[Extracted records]
......
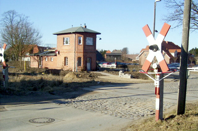 Bahnübergang Pampriner Straße mit ehemaligem Stellwerk Zo in der Ausfahrt Richtung Hagenow, aufgenommen am 16.02.2003.
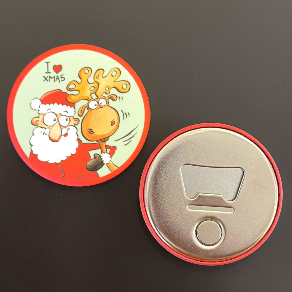 À la fois œuvres d’art miniatures et objets pratiques, ces magnets originaux, réalisés par l’artiste liégeoise Catherine Maréchal, connue pour son univers coloré, expressif et empreint d’humour, sont aussi des décapsuleurs !
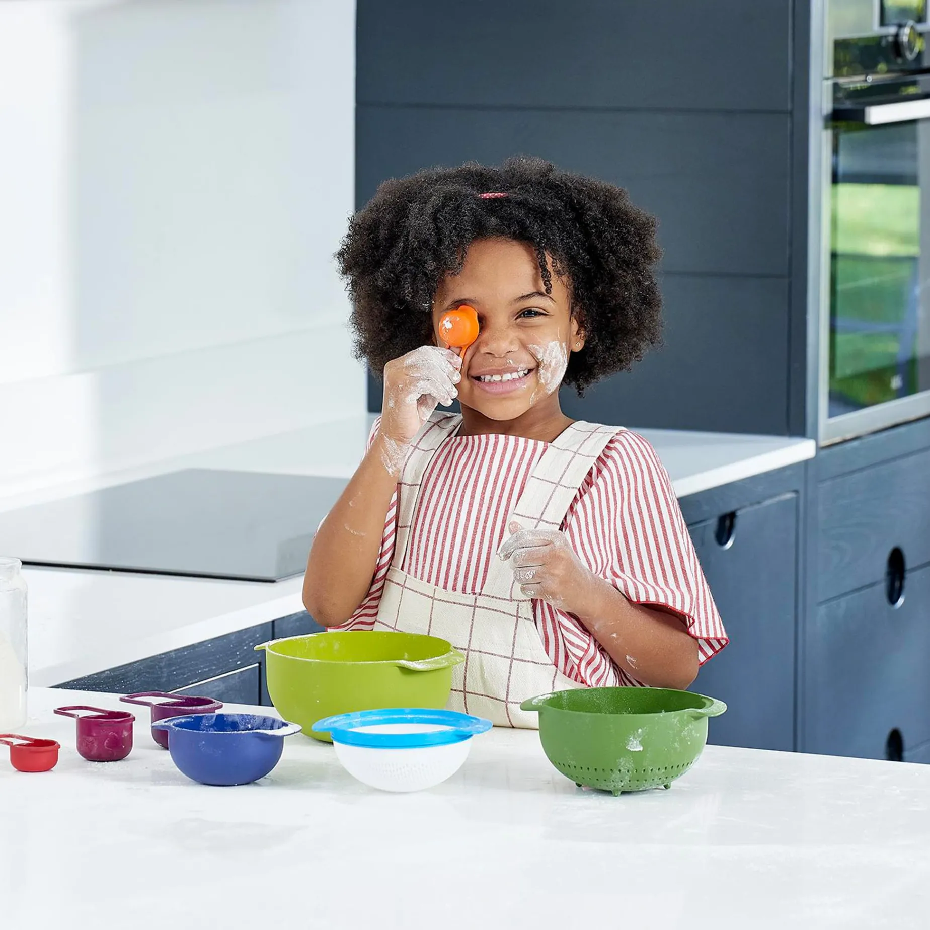 The joseph joseph nest 9 looks and works just like the real thing, featuring nine different kitchen tools for non-stop cooking and baking. With five interlocking measuring cups (you will find units labelled on the base of each cup), a medium mixing bowl, large mixing bowl, mesh sieve and colander to play with, it’s safe to say that kitchen pretend play just got a massive upgrade! little ones won’t know where to begin!
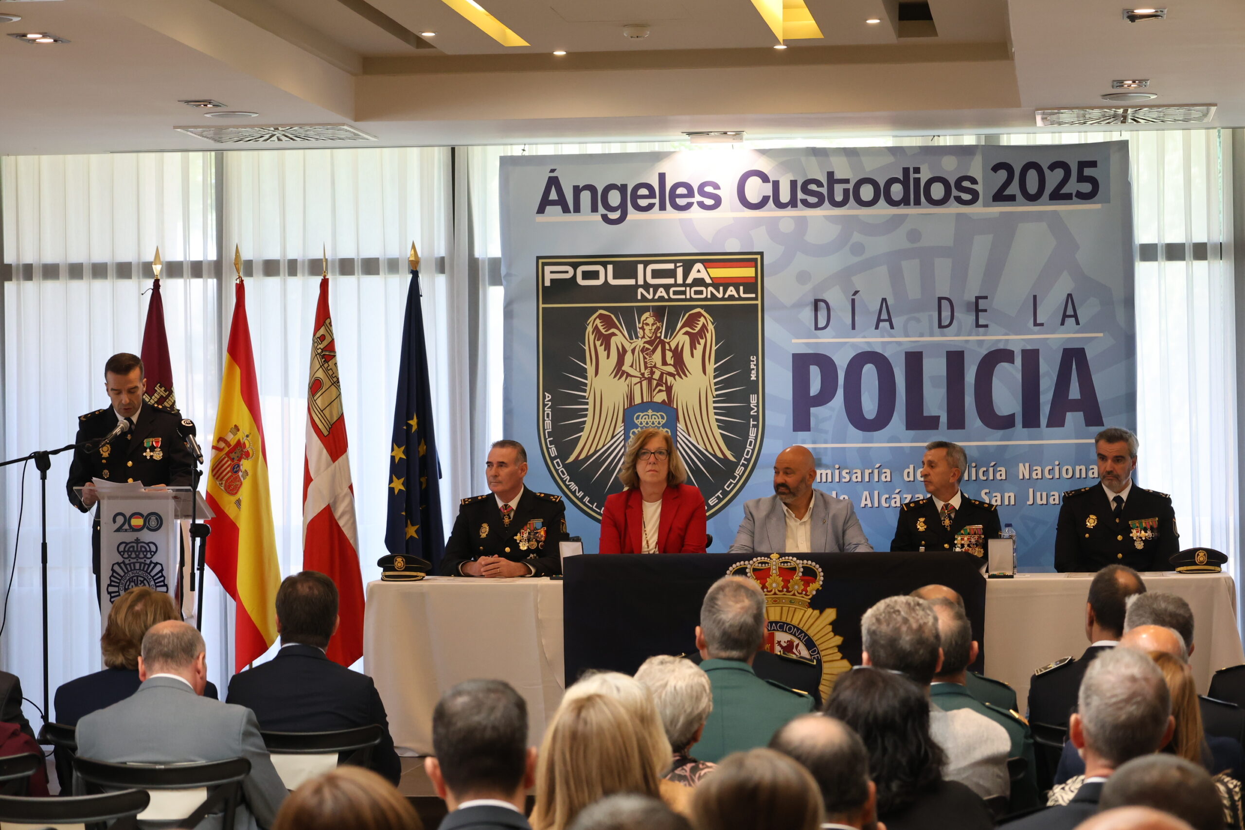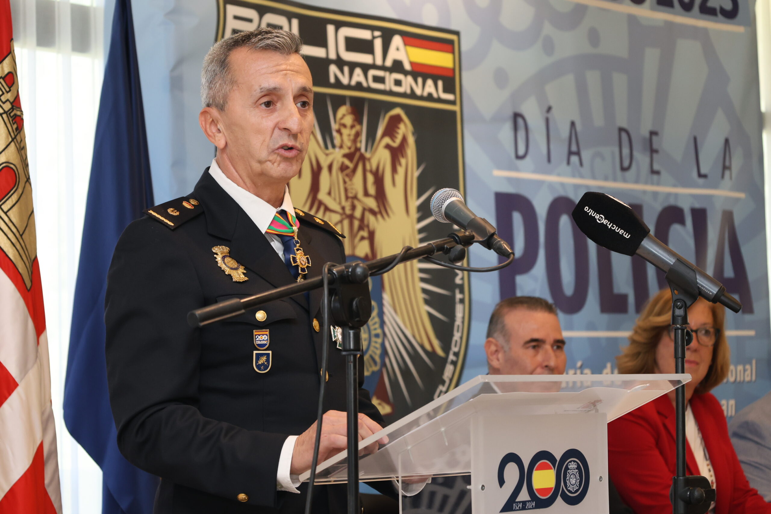 El inspector jefe de la Policía Nacional de Alcázar de San Juan, Ángel Camacho, ha destacado durante su intervención la importancia de celebrar todos los años este día, en el que se pone en valor el incansable trabajo de la Policía Nacional, una institución «moderna, eficaz e integrada, caracterizada por la excelente preparación de sus agentes y por su cercanía a la ciudadanía».
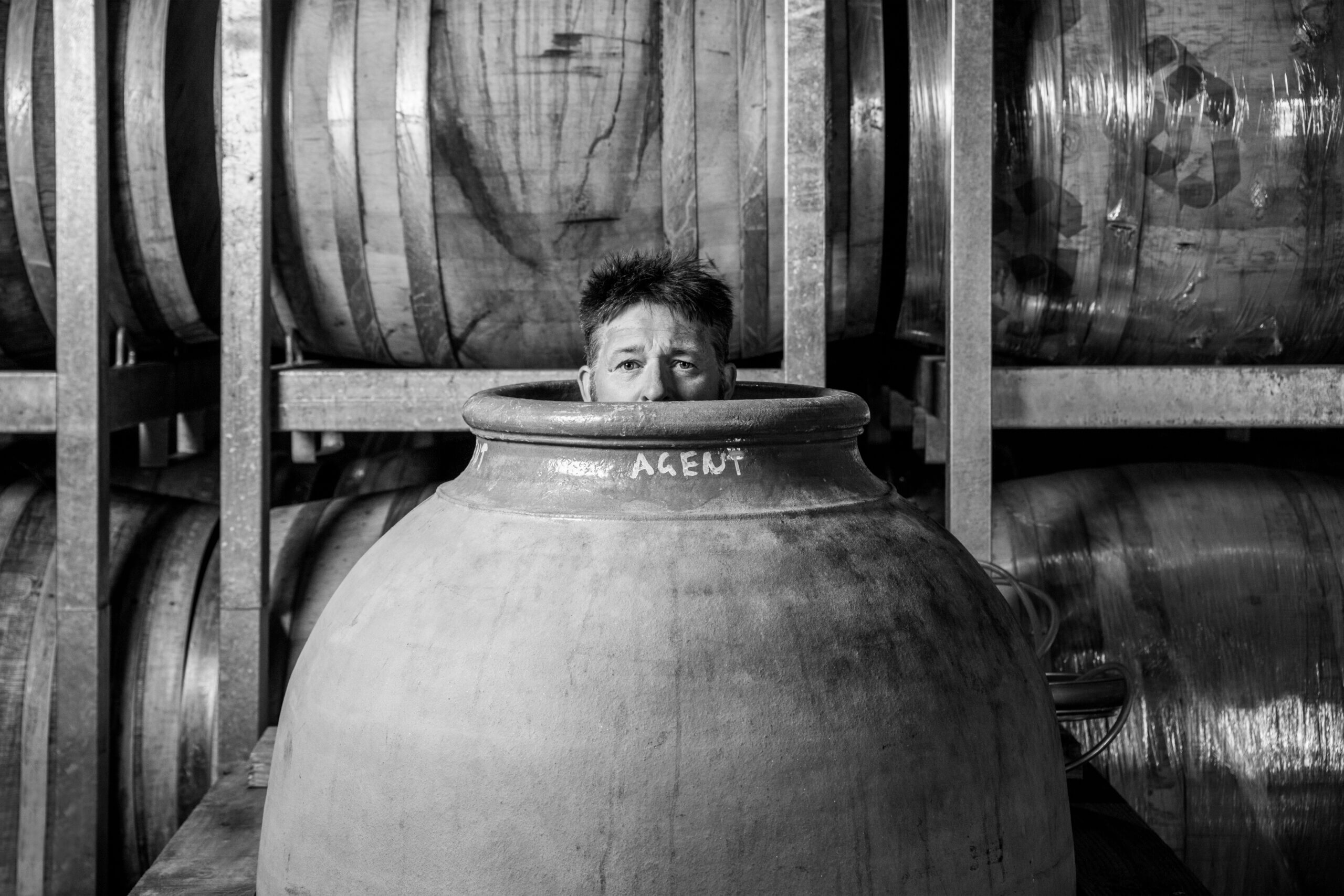 Ben Glover in an amphora, as featured on Wine Blast podcast (Ben, not the amphora)
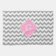 Grey and White Chevron ZigZag Pattern, Pink Quatrefoil Label Monogram
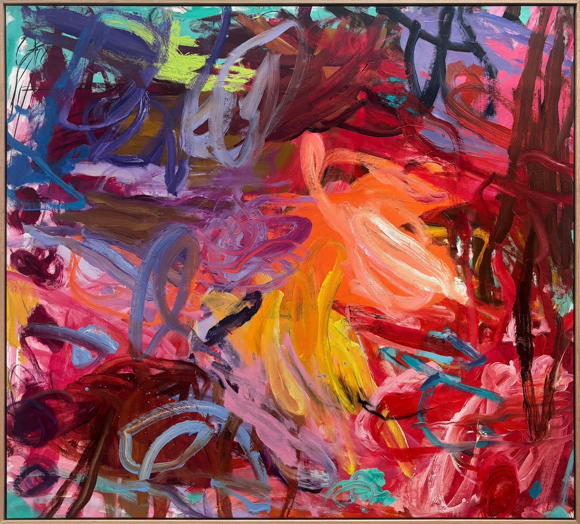 Oil on canvas, box framed in raw oak.
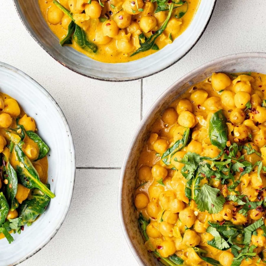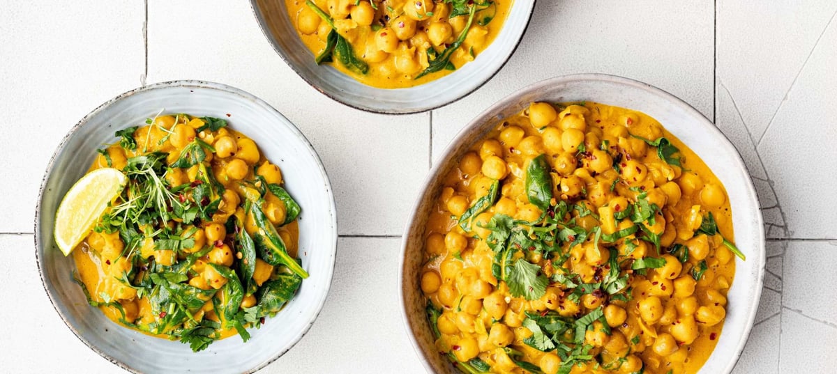 - 2Then drain the chickpeas and add them to the pot, pour in the coconut milk, season with salt and pepper, and cook for another 9–10 minutes over medium heat until the mixture thickens.
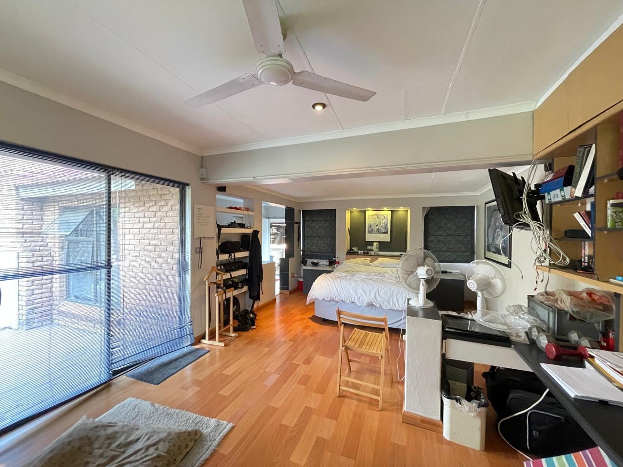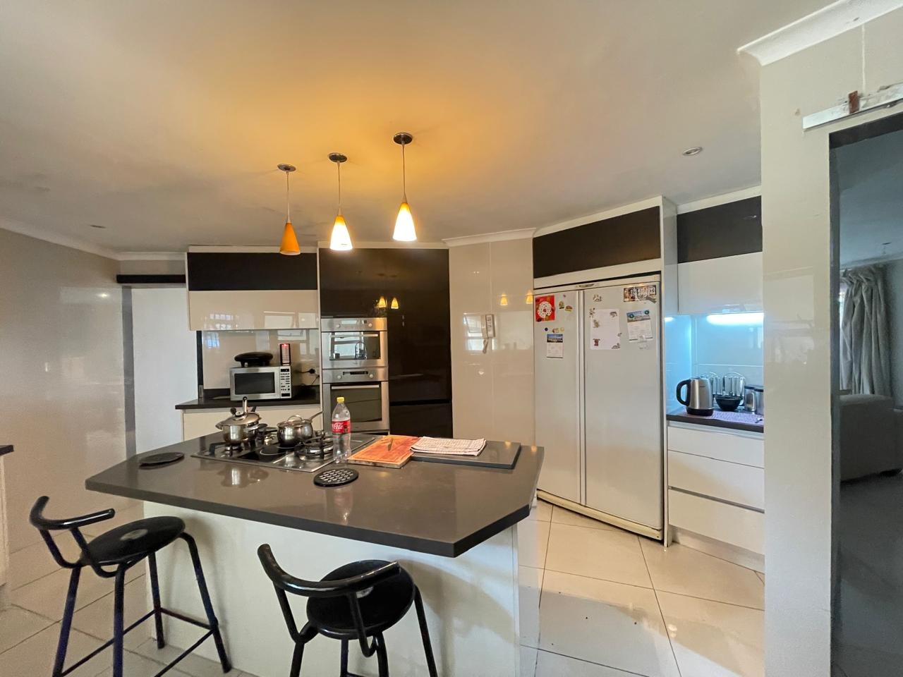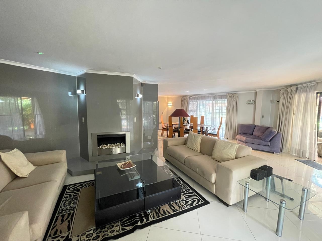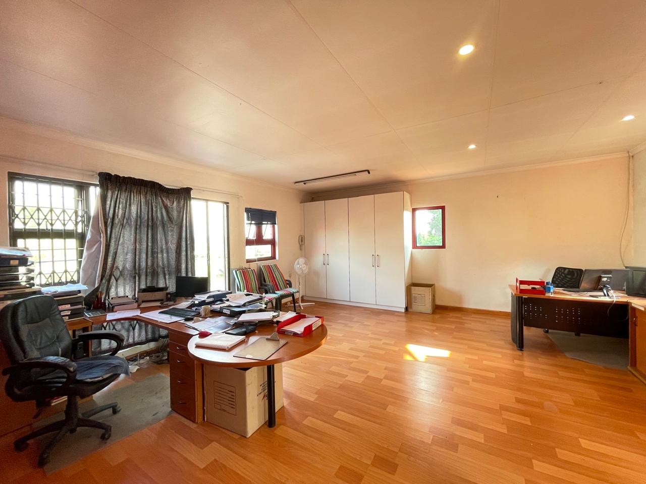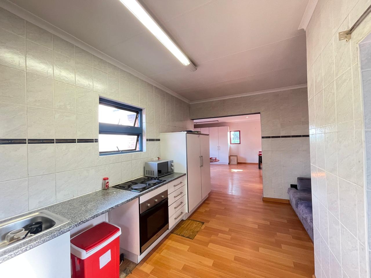 Set in a highly secure and peaceful boomed-off neighborhood, this exceptional home offers an abundance of space, comfort, and elegant indoor-outdoor living. Upon entering, you are welcomed by a spacious open-plan lounge, dining, and reception area that forms the heart of the home. The east wing features three generously sized bedrooms with ample built-in cupboards, serviced by two well-appointed bathrooms. A large, well-equipped kitchen with extensive cupboard space and a separate scullery completes this wing, ideal for comfortable family living.
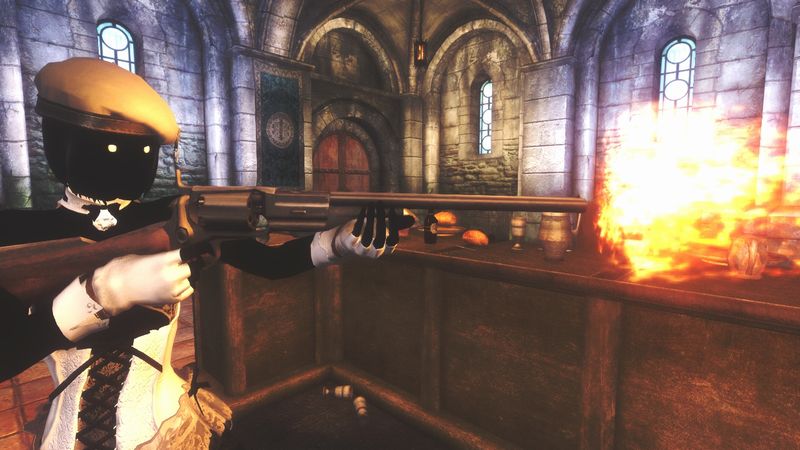 ブラックパウダーの銃は発砲煙がすんごいことになるので、そのうち煙も追加したいなあとは考えてます。クヴァッチなんかでよく見かける、煙吐いて炎上してるMeshの改造でどうにかならんかなあと思案中。
......
INSTRUCTIONS FOR THE TASK ->
Using the data above, set down each line from the line with "À la fois œuvres" to the line with "The joseph joseph" exactly, both ends included, and leave the pictures behind. Nothing else belongs.

EXERCISE RESULT ->
 À la fois œuvres d’art miniatures et objets pratiques, ces magnets originaux, réalisés par l’artiste liégeoise Catherine Maréchal, connue pour son univers coloré, expressif et empreint d’humour, sont aussi des décapsuleurs !
 The joseph joseph nest 9 looks and works just like the real thing, featuring nine different kitchen tools for non-stop cooking and baking. With five interlocking measuring cups (you will find units labelled on the base of each cup), a medium mixing bowl, large mixing bowl, mesh sieve and colander to play with, it’s safe to say that kitchen pretend play just got a massive upgrade! little ones won’t know where to begin!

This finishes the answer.